Тогда Борька и сам хмурится, сам обиженно говорит:
— Не новую. Хоть бы какую… Лишь бы по голове… Скажи уж лучше, опять яблоков своих пожалел.
— И пожалел! Это тебе ничего не жаль, а мне — досадно. На себя досадно, что поддался твоему рёву до поры, до времени… Эх-х!
И он сердито подхлёстывает вожжами Карюху, и та вздрагивает, пускается вскачь. Дедушка чуть не валится на Борьку, Борька на пестерь.
Через минуту лошадёнка опять себе трюхает мелкой рысцой, а бестолковый спор в санях продолжается.
Наконец, Борька не выдерживает, вскакивает на коленки:
— Да что ты всё заладил: «Не понимаешь, не понимаешь… Новую, новую…» Что я, модник, что ли, какой? Я же сто раз говорил: не новую, а лишь бы впору… Ведь в этой-то меня уже и по имени все позабыли как звать, все только и кличут «Малахай» да «Малахаище». Ну ты сам, дедко, посмотри…
И Борька смахивает с себя рядно, спрыгивает с розвальней на дорогу, встаёт там, растопырив руки.
Дедушка кричит: «Тпру!», растерянно оглядывается.

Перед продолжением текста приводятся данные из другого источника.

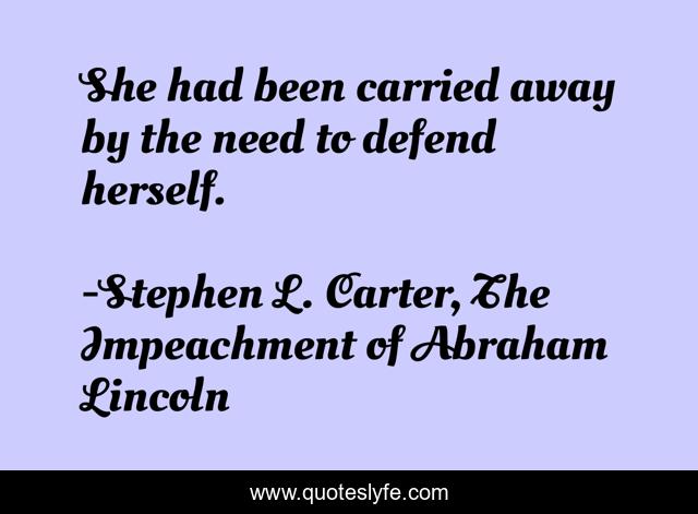 "Stephen L. Carter, The Impeachment of Abraham Lincoln Quotes." Quoteslyfe.com, 2025. Tue. 09 Dec. 2025. <https://www.quoteslyfe.com/quote/She-had-been-carried-away-by-the-186378>.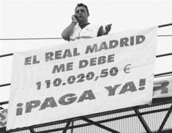 為了從皇馬俱樂部手中拿到這筆工程款,馬修鋁業(yè)公司老板卡洛斯·馬特奧不得不登上起重機(jī)上到高空,并貼出討債大字報(bào),他希望通過這種方式引起全西班牙的關(guān)注,并逼迫皇馬盡早支付這筆款項(xiàng)。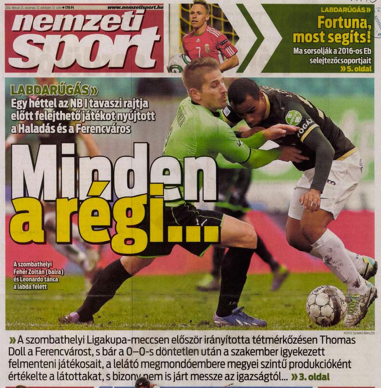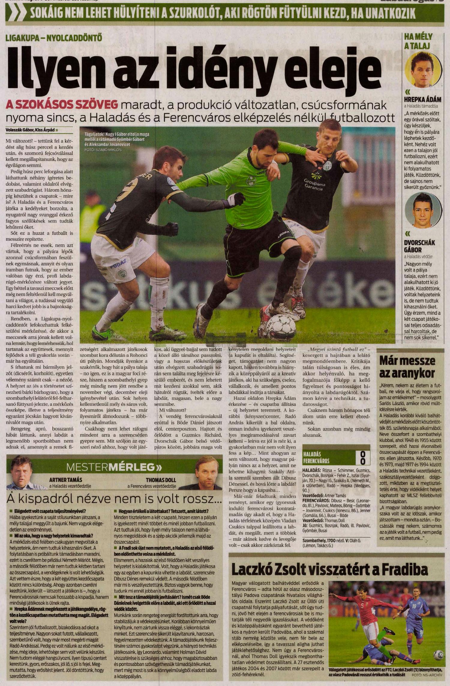 A Haladás hazai pályán 0–0-s döntetlent játszott a Ferencvárossal a labdarúgó Ligakupa nyolcaddöntőjének első mérkőzésén. Ez volt Thomas Doll első tétmérkőzése a Fradi kispadján.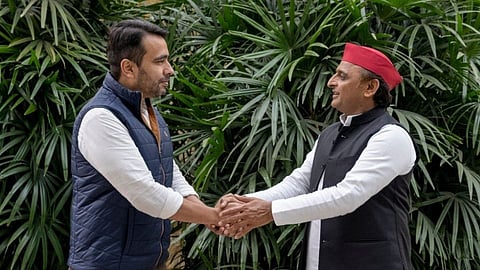 लखनौ : उत्तर प्रदेशातील आगामी विधानसभा निवडणुकीत समाजवादी पक्ष (सपा) आणि राष्ट्रीय लोक दल (रालोद) यांच्यातील युती जवळपास निश्चित झाली आहे. समाजवादी पक्षाचे अखिलेश यादव आणि रालोदचे जयंत चौधरी या दोन्ही पक्षप्रमुखांची आज बुधवारी भेट झाली आहे. या दोघांनीही या भेटीचे छायाचित्र ट्विटरवर पोस्ट केलंय. जयंत यांनी, `बढते कदम' असं तर अखिलेश यांनी, ‘बदलाव की ओर' असं कॅप्शन दिलंय.

Вид у Борьки в самом деле нелепый. На нём, на малорослом, всё огромное. Кирзовые сапоги — сорок последнего размера, с загнутыми, как лыжи, носами; стёганка — с полами до самых пят, с карманами ниже колен, с рукавами, завёрнутыми вдвое. Но всего несуразней шапка. Овчинная, лохматая, держится она не столько на Борькиной голове, сколько на его узких плечах, да и то лишь тогда, когда Борька стоит вот так вот столбиком, на одном месте. Если же куда бежать, то малахай надо прихватывать сверху обеими руками, иначе он свалится. А если необходимо на кого взглянуть, особенно на большого, на высокого, то и опять приходится за малахай хвататься, приподымать повыше, а не то и стаскивать совсем.
Но сейчас расходившийся Борька не стаскивает его, не приподымает, а нахлобучивает так, что становится похожим на странный, с лохматою шляпищей гриб на снегу, на дороге.
Для дедушки эта картина не новая, но он всё равно качает головой:
— Да-а… Видок…
И тут же поспешно говорит:
— Ладно, ладно… Я ведь не от сердца бранюсь. Я ведь оттого, что сам вижу: надо тебе всё новое, а где взять? Негде. Да и почти не на что… Садись давай, садись, пестерь береги. А то как бы нам и этот свой капитал не посеять.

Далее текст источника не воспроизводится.